Task to complete: Give the data again exactly, without its images.

---------- Data records

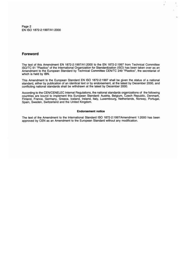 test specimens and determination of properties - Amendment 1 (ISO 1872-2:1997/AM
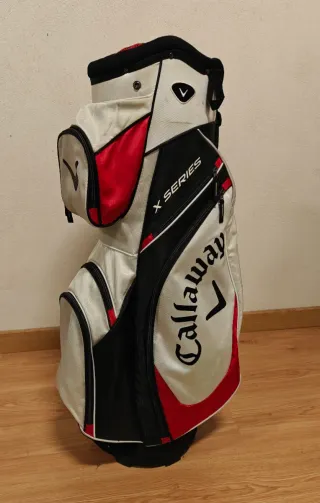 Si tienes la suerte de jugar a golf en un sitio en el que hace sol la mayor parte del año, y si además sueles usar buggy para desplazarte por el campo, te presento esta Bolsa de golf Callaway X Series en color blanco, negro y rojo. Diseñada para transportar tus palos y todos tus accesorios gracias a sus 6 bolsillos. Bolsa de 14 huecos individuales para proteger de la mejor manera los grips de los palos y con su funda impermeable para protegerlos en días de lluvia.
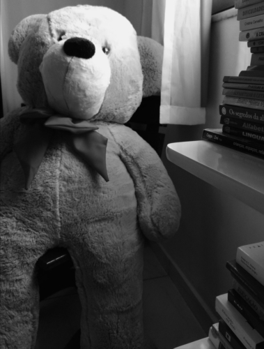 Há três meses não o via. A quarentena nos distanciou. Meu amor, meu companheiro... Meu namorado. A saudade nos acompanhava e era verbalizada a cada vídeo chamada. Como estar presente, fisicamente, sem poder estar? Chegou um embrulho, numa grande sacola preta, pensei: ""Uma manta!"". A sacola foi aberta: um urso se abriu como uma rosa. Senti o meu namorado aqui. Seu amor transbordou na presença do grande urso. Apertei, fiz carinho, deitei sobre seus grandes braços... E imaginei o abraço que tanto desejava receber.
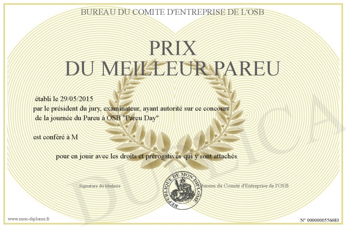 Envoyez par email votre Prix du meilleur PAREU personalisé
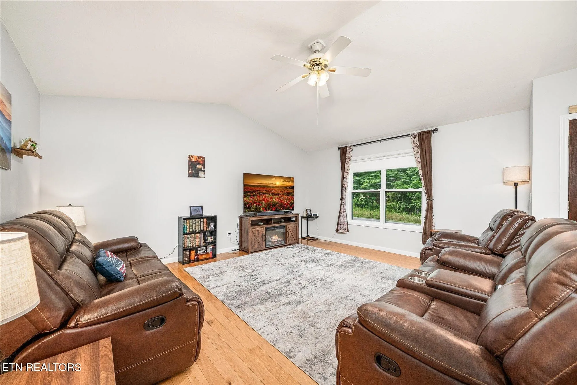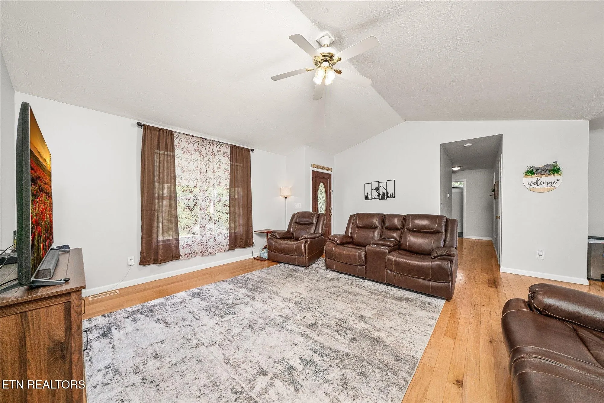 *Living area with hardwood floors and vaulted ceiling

--------------------

Solution to the exercise:
 test specimens and determination of properties - Amendment 1 (ISO 1872-2:1997/AM
 Si tienes la suerte de jugar a golf en un sitio en el que hace sol la mayor parte del año, y si además sueles usar buggy para desplazarte por el campo, te presento esta Bolsa de golf Callaway X Series en color blanco, negro y rojo. Diseñada para transportar tus palos y todos tus accesorios gracias a sus 6 bolsillos. Bolsa de 14 huecos individuales para proteger de la mejor manera los grips de los palos y con su funda impermeable para protegerlos en días de lluvia.
 Há três meses não o via. A quarentena nos distanciou. Meu amor, meu companheiro... Meu namorado. A saudade nos acompanhava e era verbalizada a cada vídeo chamada. Como estar presente, fisicamente, sem poder estar? Chegou um embrulho, numa grande sacola preta, pensei: ""Uma manta!"". A sacola foi aberta: um urso se abriu como uma rosa. Senti o meu namorado aqui. Seu amor transbordou na presença do grande urso. Apertei, fiz carinho, deitei sobre seus grandes braços... E imaginei o abraço que tanto desejava receber.
 Envoyez par email votre Prix du meilleur PAREU personalisé
 *Living area with hardwood floors and vaulted ceiling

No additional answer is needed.